Bitcoin Likely To See Steady Long-term Returns, But Outsized Gains Are Unlikely: Bitwise CIO

Bitwise CIO Matt Hougan said the Bitcoin four-year cycle is being replaced by a “10-year grind” characterized by steady returns rather than spectacular gains.

Speaking on CNBC’s Crypto World, Hougan argued that institutional adoption, regulatory progress, and stablecoin growth are stronger forces than the historical halving-driven cycle.

“I do think the four-year cycle is less important now than it was in the past,” Hougan stated. “I expect the market to be up next year. I think we’re in a 10-year grind upward of strong returns, not spectacular returns, strong returns, lower volatility, some up and down.”

Institutional buying dampens Bitcoin volatility

Hougan pointed to dropping Bitcoin (BTC) volatility as evidence of structural market changes. The cryptocurrency now exhibits lower volatility than NVIDIA over the past year, he noted.

Institutional investors rebalance portfolios mechanically rather than chasing momentum, creating a stabilizing force absent in retail-dominated markets.

“Retail investors historically are very much momentum based. If it’s up, they’re buying.

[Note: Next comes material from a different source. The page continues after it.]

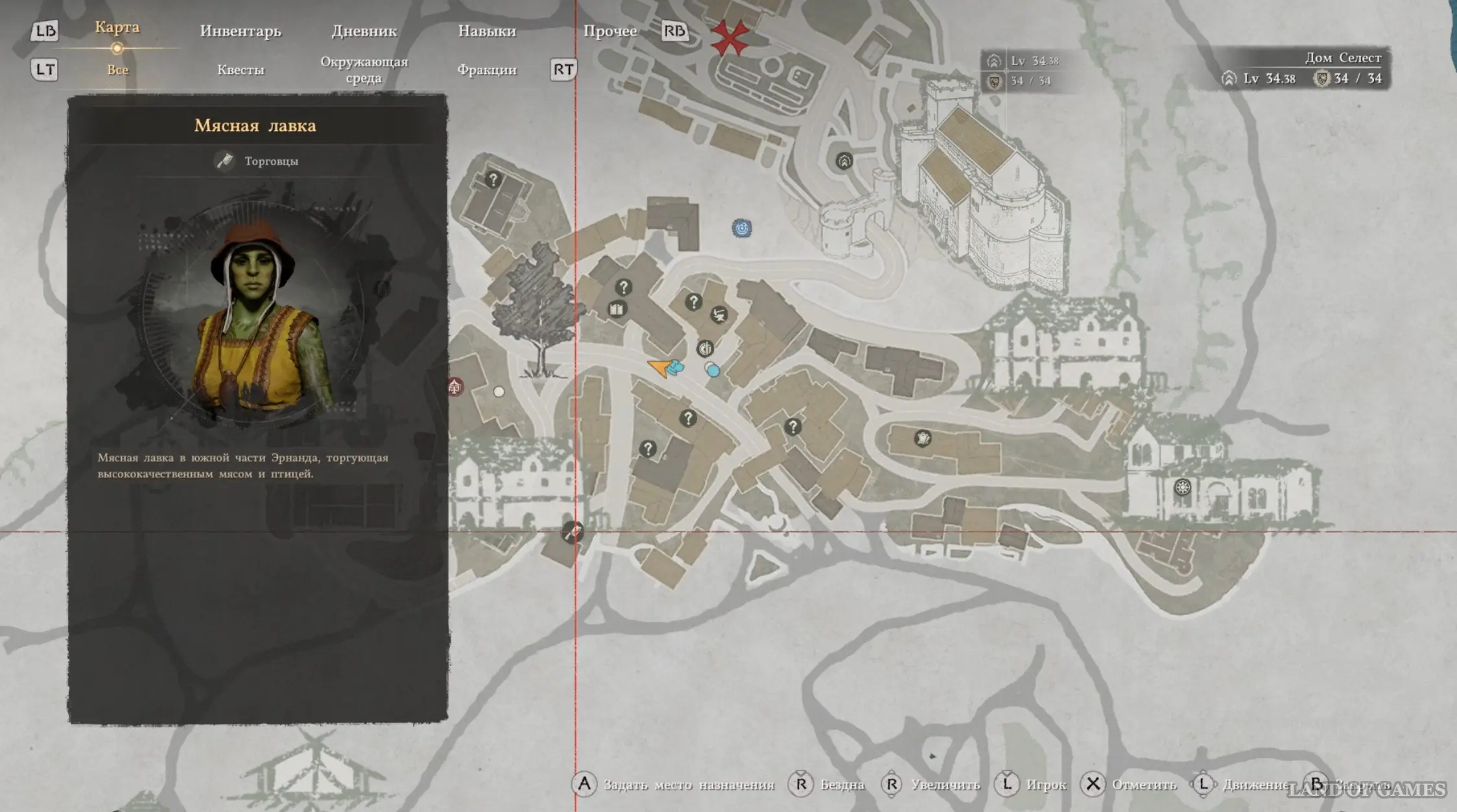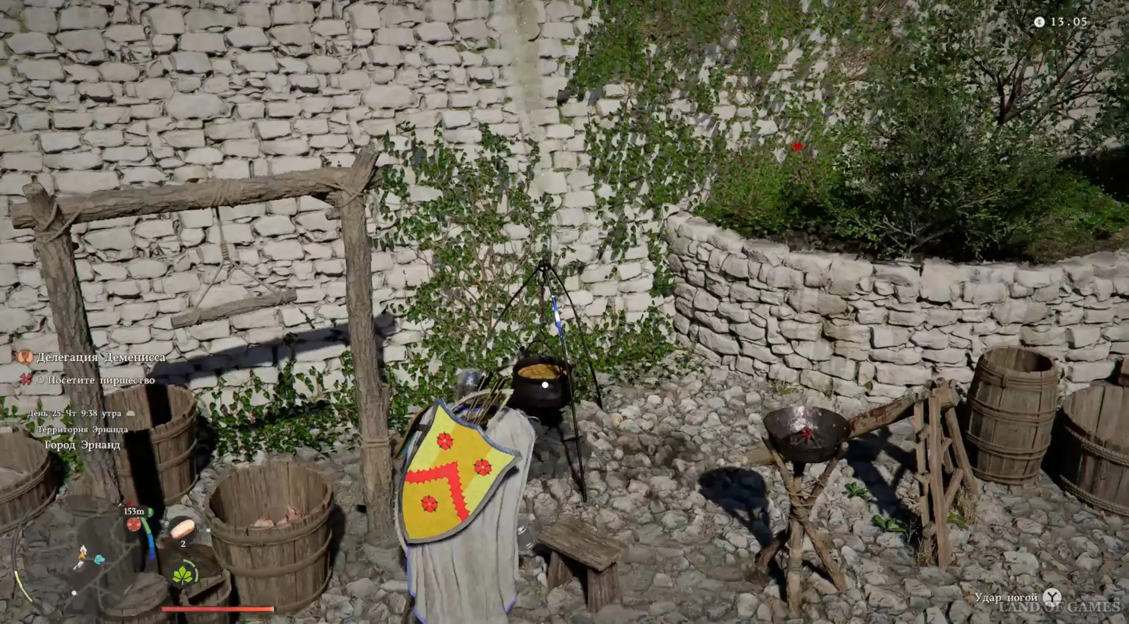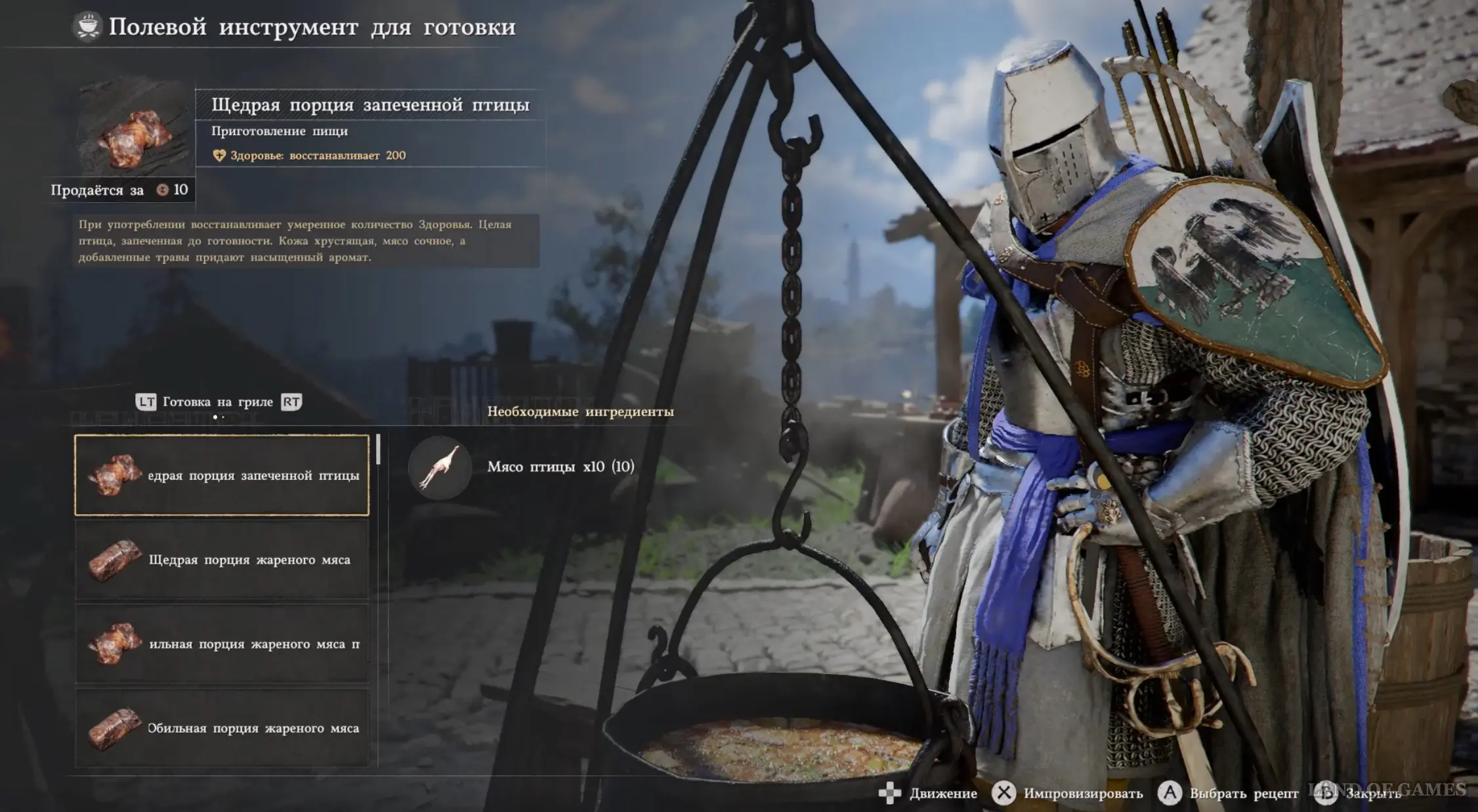 В-третьих, вам понадобится много еды. Нет, не так. Вам потребуется ОЧЕНЬ много еды. Базовый минимум – это 40-50 кусков жареного мяса и других блюд. Однако для полной безопасности лучше запастись 100-200 лечебными средствами. Добыть мясо можно с оленей, бегающих по лесу вокруг города, или купив в мясной лавке. Кстати, справа от торговки уже стоит котел, где вы сможете приготовить нужные блюда. Немного мяса также можно приобрести на Волчьем холме у своего повара.

If it’s down, they’re selling,” Bea explained. “Institutions in their plan documents actually have the opposite built in.

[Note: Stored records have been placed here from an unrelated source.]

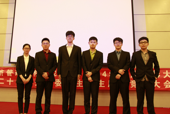 首先,大会在共青团团歌下正式开始。第二十五届分团委员工会主席孟楷越就自己的员工会工作心得进行了讲话。然后,分团委副书记杨阳彤晞进行了大会候选人资格审查报告。接下来,6位副主席候选人进行了精彩的竞选演讲及现场答辩。同学们对此投出了宝贵的选票。在各部门代表统计票数的同时,出席嘉宾们对分团委员工会杰出贡献工作者、分团委员工会优秀学员工干部、员工会优秀干事进行了隆重的颁奖仪式。这是对员工会努力工作者的肯定及鼓励。继此,由传媒部出品的员工会宣传视频于大荧幕上放映,同学们都沉浸在视觉与听觉的享受中,感受着员工会的点点滴滴。视频播放完之后,分团委副书记杨阳彤晞公布了剧本征集大赛获奖名单,并为获奖者们颁发奖品。
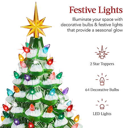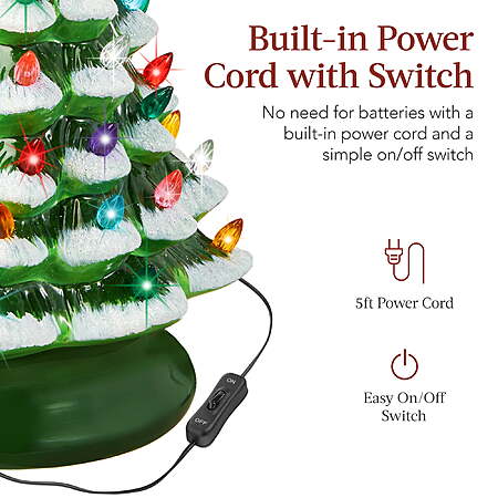 | Product Description: | Add a touch of sparkle to your holiday decor with a charming tabletop accent. Our 15in Hand-Painted Ceramic Tree shines with glowing lights to fill your space with cheer, while the glossy finish highlights its hand-painted details. Made from durable ceramic, it's timeless, easy to clean, and ready to spread holiday joy in the office, on your coffee table, in the living room, and more! HAND-PAINTED FINISH: This mini ceramic Christmas tree is the perfect addition to your holiday decor, beautifully hand-painted with a glossy finish LIGHTS & STAR DECORATION: Decorated with 64 festive White, Multicolor, Red and White, or 2-in-1 White and Multicolor light bulbs and two 7 pointed star toppers to brighten up your holidays (Note: SKY3037 comes with one star topper) 5FT POWER CORD: No need for batteries with the built-in 5-foot power cord and simple on/off switch COMPACT SIZE: Perfectly sized, small enough to fit on any countertop, table, desk, or fireplace mantel VERSATILE DECOR: Ideal for decorating homes, offices, or even classrooms with a little holiday cheer; OVERALL DIMENSIONS: 8.5"(Dia) x 15"(H) |
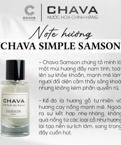 - Chava Samson chứng tỏ mình là một mùi hương đầy nam tính, toát lên sự khỏe khoắn mạnh mẽ làm người đối diện thấy sảng khoái nhưng không kém phần quyến rũ.
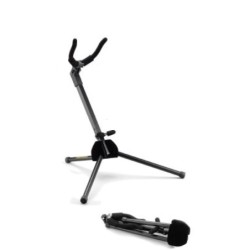 El soporte TravLite de saxo Alto se recoge de manera compacta para guardarse en la campana de su instrumento.

The distribution shift from retail to institutional ownership is ongoing. Harvard’s endowment is buying while retail sells, creating what Hougan described as a “staircase up and then an elevator down” pattern.

The reason Bitcoin is down 30% rather than 60% from October highs is “persistent, slow-moving institutional buying that’s keeping the market up,” he stated.

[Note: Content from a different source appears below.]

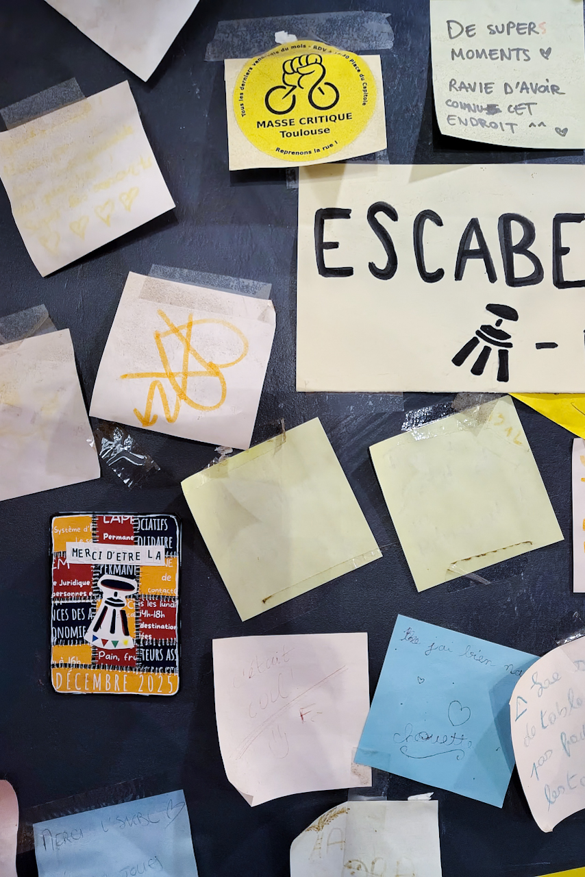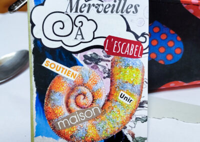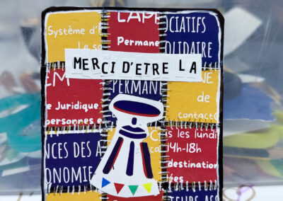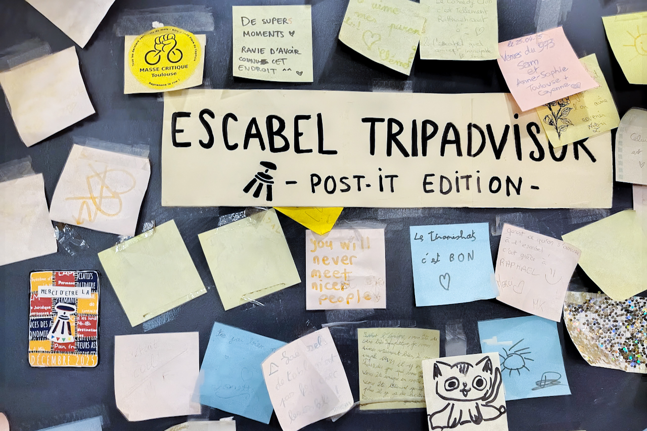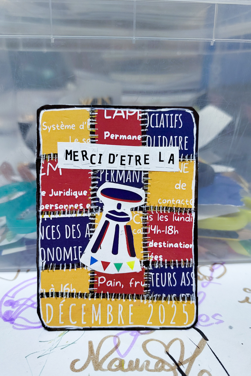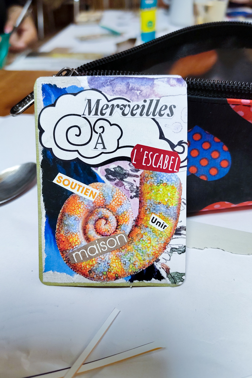 J’ai créé une carte d’artiste spécialement pour l’Escabel, à partir d’un programme de décembre et je l’ai affichée sur le panneau d’expression libre « l’Escabel TripAdvisor ».

Regulatory clarity provided one-time boost

Hougan characterized the Trump administration’s impact as a one-time effect that cleared regulatory concerns.

“If you asked institutional investors in previous years why they weren’t investing in Bitcoin, the number one reason wasn’t volatility or valuation. It was actually regulatory concerns,” he said.

Both executives identified clarity legislation as critical for crypto rallies. “If clarity doesn’t pass, it’s going to be hard for crypto to rally,” Hougan warned. “I think if you do see it pass, that’s probably something like the all-clear signal on this pullback.”